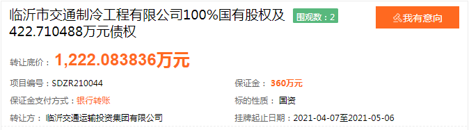 鲁网·泰山财经记者今日从山东产权交易中心了解到,临沂市人民政府国有资产监督管理委员会(简称“临沂市国资委”)全资企业临沂交通运输投资集团有限公司(简称“临沂交运集团”)公告表示,拟以1222.08万元底价,转让旗下临沂市交通制冷工程有限公司100%股权及422.71万元债权,转让时间截止至5月6日。
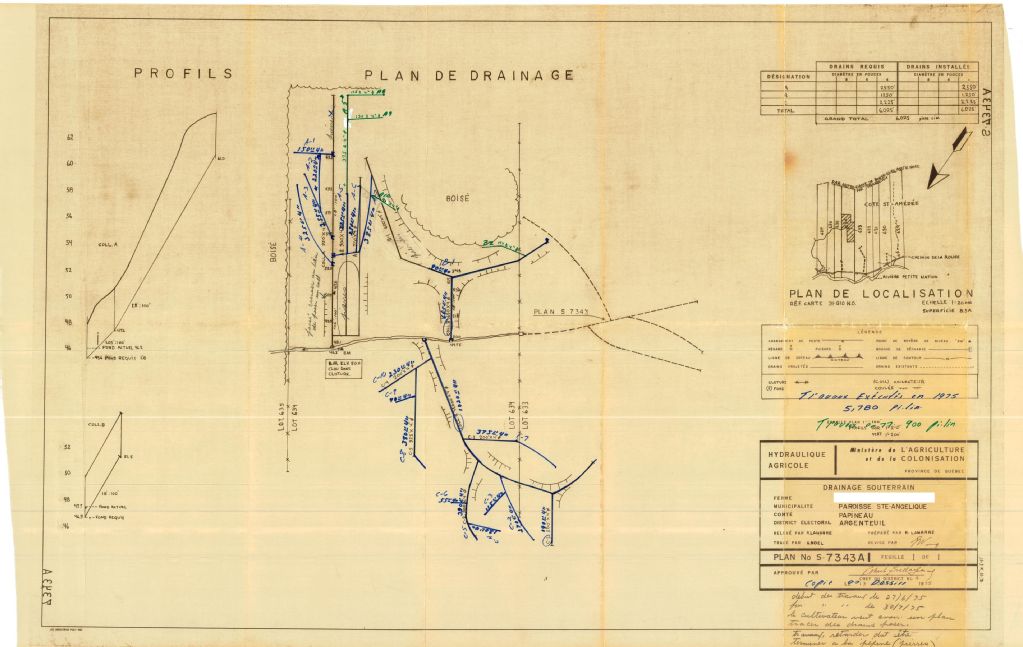 Plan de drainage souterrain annoté pour la paroisse Ste-Angélique, comté de Papineau. Préparé pour le compte du Ministère de l¿Agriculture et de la Colonisation du Québec.
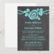 Convite para casamentos de Rosa doce e bonito em turquesa com um rosa adorável em uma vinha em um quadro de aparência. Este design elegante é perfeito para um casamento de primavera ou verão. Fácil de personalizar, basta adicionar os detalhes do casamento nos campos de texto fornecidos. Clique em "Personalizar" para encontrar mais opções de personalização.
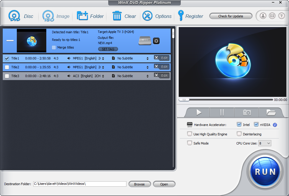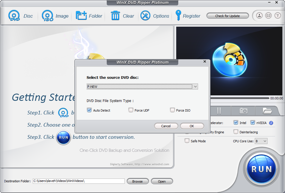 В принципе, без таких детальных настроек можно обойтись — сразу после загрузки DVD нажать кнопку Run, запускающую копирование. Разработчики заявляют об обработке одного DVD всего за 5 минут, но на самом деле таким образом они делают акцент на аппаратном кодировании — скорость же конвертации диска в немалой степени зависит от привода и физического состояния самого диска.
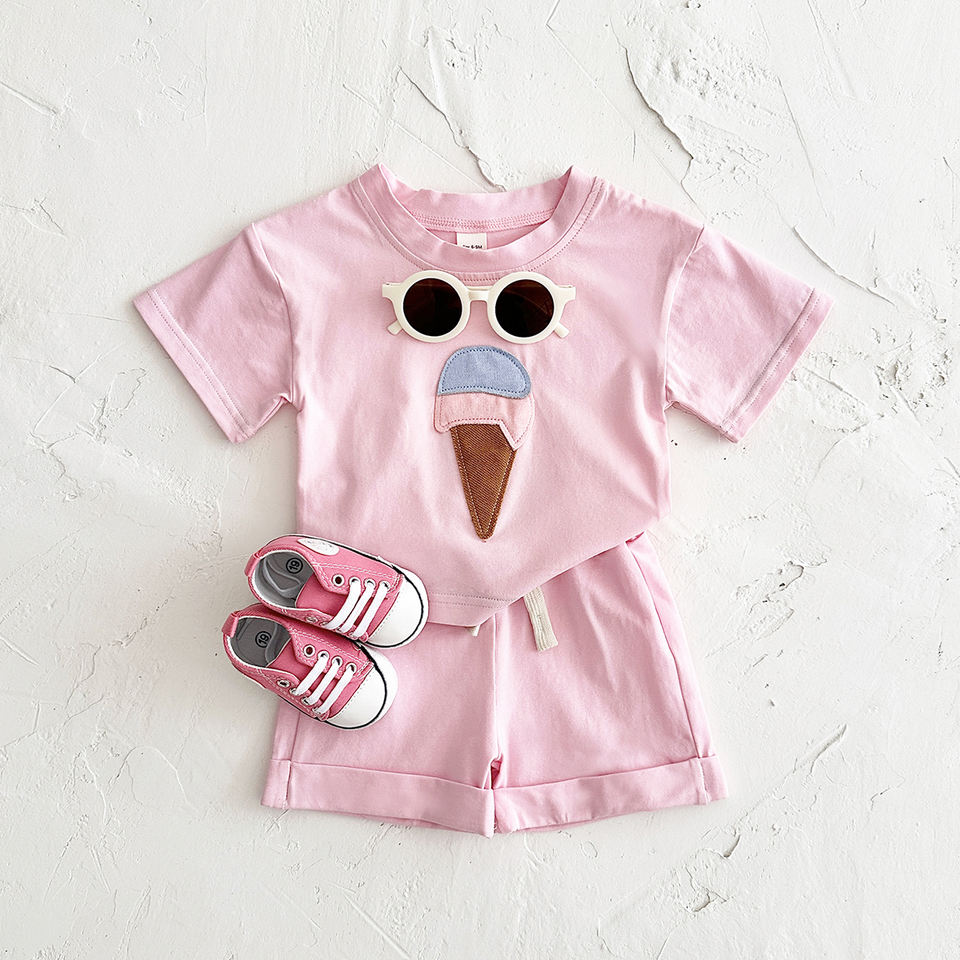 INS Summer Children's Ice Cream Patch Short Sleeve Set Korean Version Baby Two Piece Set Children's Clothing Wholesale
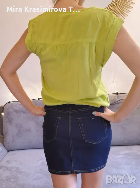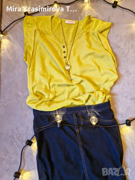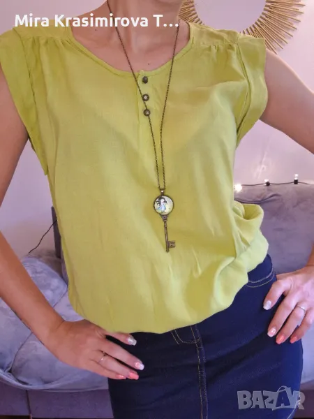 ✔ Горе – ефирна, свободно падаща част в лимонено-зелено с декоративни копчета
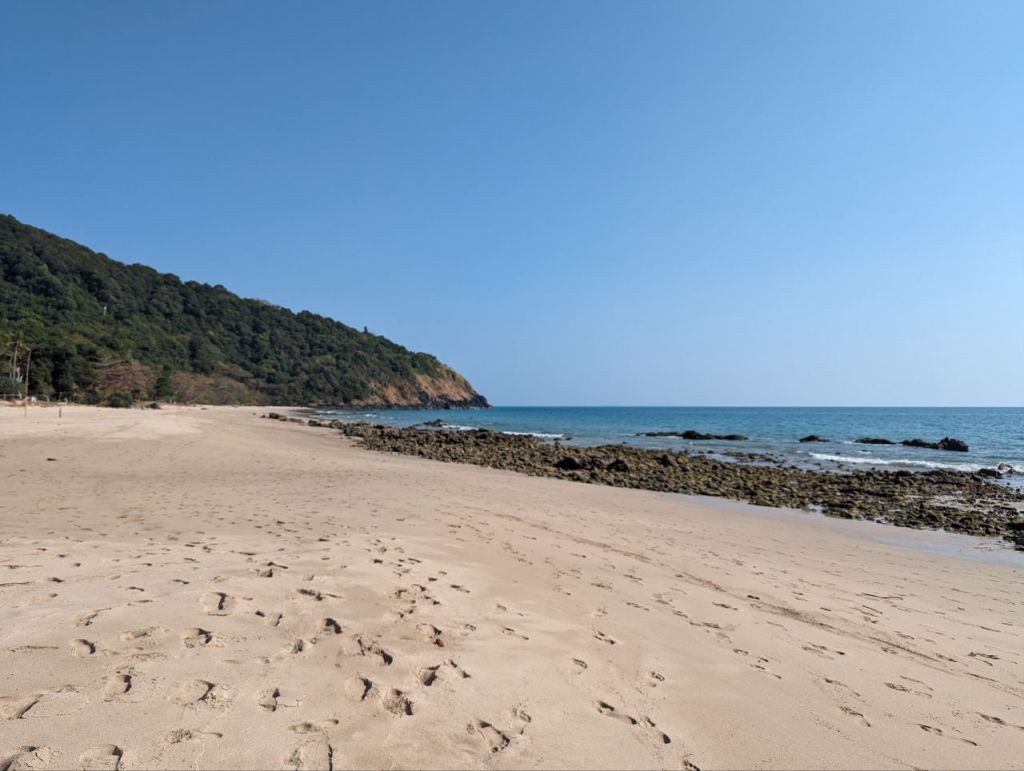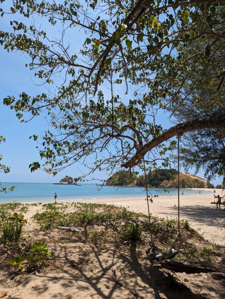 Gut verschwitzt geht’s dann zum Strand. Mehr als am Ufer planschen ist nicht, Quallenwarnung. Reicht uns aber.
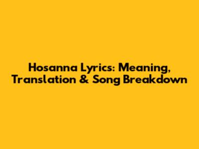 Hosanna Lyrics: Meaning, Translation & Song Breakdown
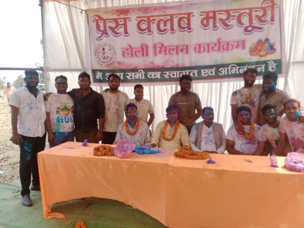 मस्तूरी। रंग पंचमी के शुभ अवसर पर मस्तूरी प्रेस क्लब द्वारा होली मिलन समारोह का भव्य आयोजन किया गया। कार्यक्रम में रंग-गुलाल, मस्ती और फिल्मी गीतों की धुन पर प्रेस क्लब के सदस्य जमकर झूमे और होली के उत्सव का भरपूर आनंद लिया। समारोह में उपस्थित अतिथियों ने भी कार्यक्रम में शामिल होकर खुशियों के इस पर्व को मिल-जुलकर मनाया और सभी को होली की बधाई एवं शुभकामनाएं दीं।
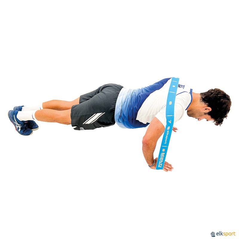 A Multi Textil Band é uma banda elástica dupla, cosida formando 8 secções de pega, para variar a intensidade e amplitude de movimentos nos vários exercícios: abdominais, dorsais, peitorais, entre outros. Oferece a possibilidade de 8 pegas de apoio, conforme o trabalho que se pretenda realizar com as mãos ou os pés, em diferentes intensidades. Os espaços mais largos de 16,5 cm em cada extremidade, permitem inserir as coxas ou aos pés, e as mãos nos 6 apoios centrais. Este pequeno elástico torna os exercícios mais eficientes e atrativos. Ocupa pouco espaço e pode portanto ser levado e utilizado em qualquer lugar. A sua durabilidade e o baixo custo garantem uma excelente relação qualidade/preço. Fabricada com fibras elásticas envolvidas em tecido jacquard, o que proporciona um toque mais agradável do que as bandas de látex. Lavável (máximo 30°). Convém para aulas de grupo tanto no ginásio como na piscina.

┄┄┄┄┄┄┄┄┄┄

Exactly repeat the material from its first line through the line with "Hosanna Lyrics: Meaning, Translation", including both, and leave the pictures and everything else out.

» **EXERCISE RESULT**:
 鲁网·泰山财经记者今日从山东产权交易中心了解到,临沂市人民政府国有资产监督管理委员会(简称“临沂市国资委”)全资企业临沂交通运输投资集团有限公司(简称“临沂交运集团”)公告表示,拟以1222.08万元底价,转让旗下临沂市交通制冷工程有限公司100%股权及422.71万元债权,转让时间截止至5月6日。
 Plan de drainage souterrain annoté pour la paroisse Ste-Angélique, comté de Papineau. Préparé pour le compte du Ministère de l¿Agriculture et de la Colonisation du Québec.
 Convite para casamentos de Rosa doce e bonito em turquesa com um rosa adorável em uma vinha em um quadro de aparência. Este design elegante é perfeito para um casamento de primavera ou verão. Fácil de personalizar, basta adicionar os detalhes do casamento nos campos de texto fornecidos. Clique em "Personalizar" para encontrar mais opções de personalização.
 В принципе, без таких детальных настроек можно обойтись — сразу после загрузки DVD нажать кнопку Run, запускающую копирование. Разработчики заявляют об обработке одного DVD всего за 5 минут, но на самом деле таким образом они делают акцент на аппаратном кодировании — скорость же конвертации диска в немалой степени зависит от привода и физического состояния самого диска.
 INS Summer Children's Ice Cream Patch Short Sleeve Set Korean Version Baby Two Piece Set Children's Clothing Wholesale
 ✔ Горе – ефирна, свободно падаща част в лимонено-зелено с декоративни копчета
 Gut verschwitzt geht’s dann zum Strand. Mehr als am Ufer planschen ist nicht, Quallenwarnung. Reicht uns aber.
 Hosanna Lyrics: Meaning, Translation & Song Breakdown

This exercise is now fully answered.